-- Dataset excerpts follows --

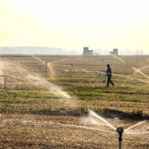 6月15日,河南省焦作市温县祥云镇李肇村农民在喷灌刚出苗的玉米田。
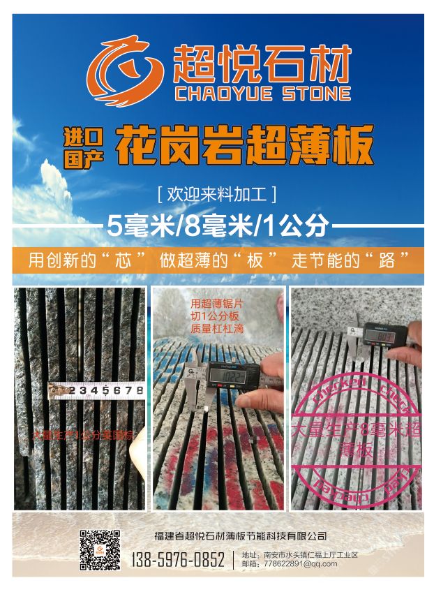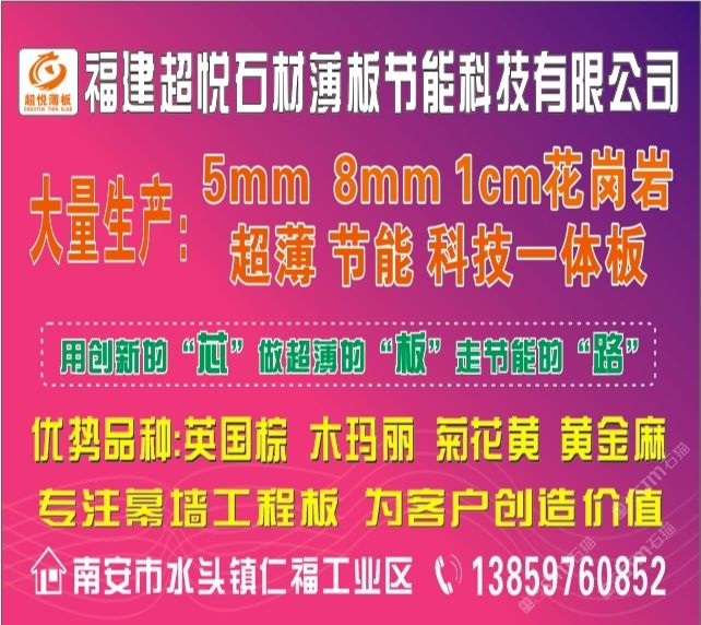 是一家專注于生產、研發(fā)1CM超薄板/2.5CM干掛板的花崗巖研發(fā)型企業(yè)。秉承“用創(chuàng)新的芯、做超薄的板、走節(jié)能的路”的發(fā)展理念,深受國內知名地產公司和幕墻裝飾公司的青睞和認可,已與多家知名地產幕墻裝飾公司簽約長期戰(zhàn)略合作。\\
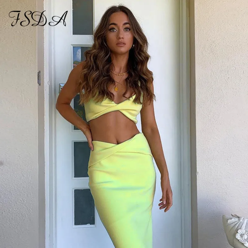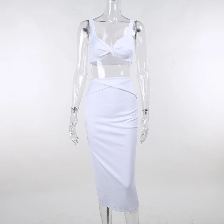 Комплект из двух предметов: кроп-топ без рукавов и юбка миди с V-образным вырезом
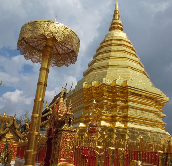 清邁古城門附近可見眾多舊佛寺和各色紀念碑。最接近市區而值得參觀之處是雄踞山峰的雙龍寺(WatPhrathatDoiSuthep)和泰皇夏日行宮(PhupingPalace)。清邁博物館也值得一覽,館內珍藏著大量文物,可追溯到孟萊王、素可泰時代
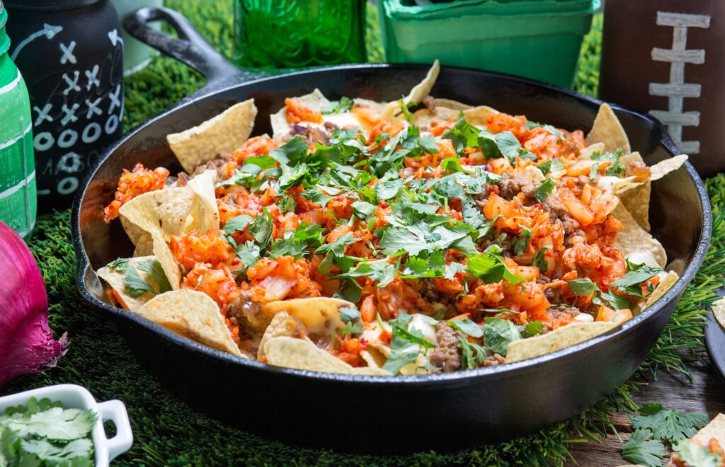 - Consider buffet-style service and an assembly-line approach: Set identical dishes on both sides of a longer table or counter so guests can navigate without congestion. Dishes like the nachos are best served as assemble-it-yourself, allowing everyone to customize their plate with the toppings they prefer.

-- Dataset excerpts concluded --

**What is expected**
Write the records above out again exactly, with no pictures in your copy.

**Written answer**
 6月15日,河南省焦作市温县祥云镇李肇村农民在喷灌刚出苗的玉米田。
 是一家專注于生產、研發(fā)1CM超薄板/2.5CM干掛板的花崗巖研發(fā)型企業(yè)。秉承“用創(chuàng)新的芯、做超薄的板、走節(jié)能的路”的發(fā)展理念,深受國內知名地產公司和幕墻裝飾公司的青睞和認可,已與多家知名地產幕墻裝飾公司簽約長期戰(zhàn)略合作。\\
 Комплект из двух предметов: кроп-топ без рукавов и юбка миди с V-образным вырезом
 清邁古城門附近可見眾多舊佛寺和各色紀念碑。最接近市區而值得參觀之處是雄踞山峰的雙龍寺(WatPhrathatDoiSuthep)和泰皇夏日行宮(PhupingPalace)。清邁博物館也值得一覽,館內珍藏著大量文物,可追溯到孟萊王、素可泰時代
 - Consider buffet-style service and an assembly-line approach: Set identical dishes on both sides of a longer table or counter so guests can navigate without congestion. Dishes like the nachos are best served as assemble-it-yourself, allowing everyone to customize their plate with the toppings they prefer.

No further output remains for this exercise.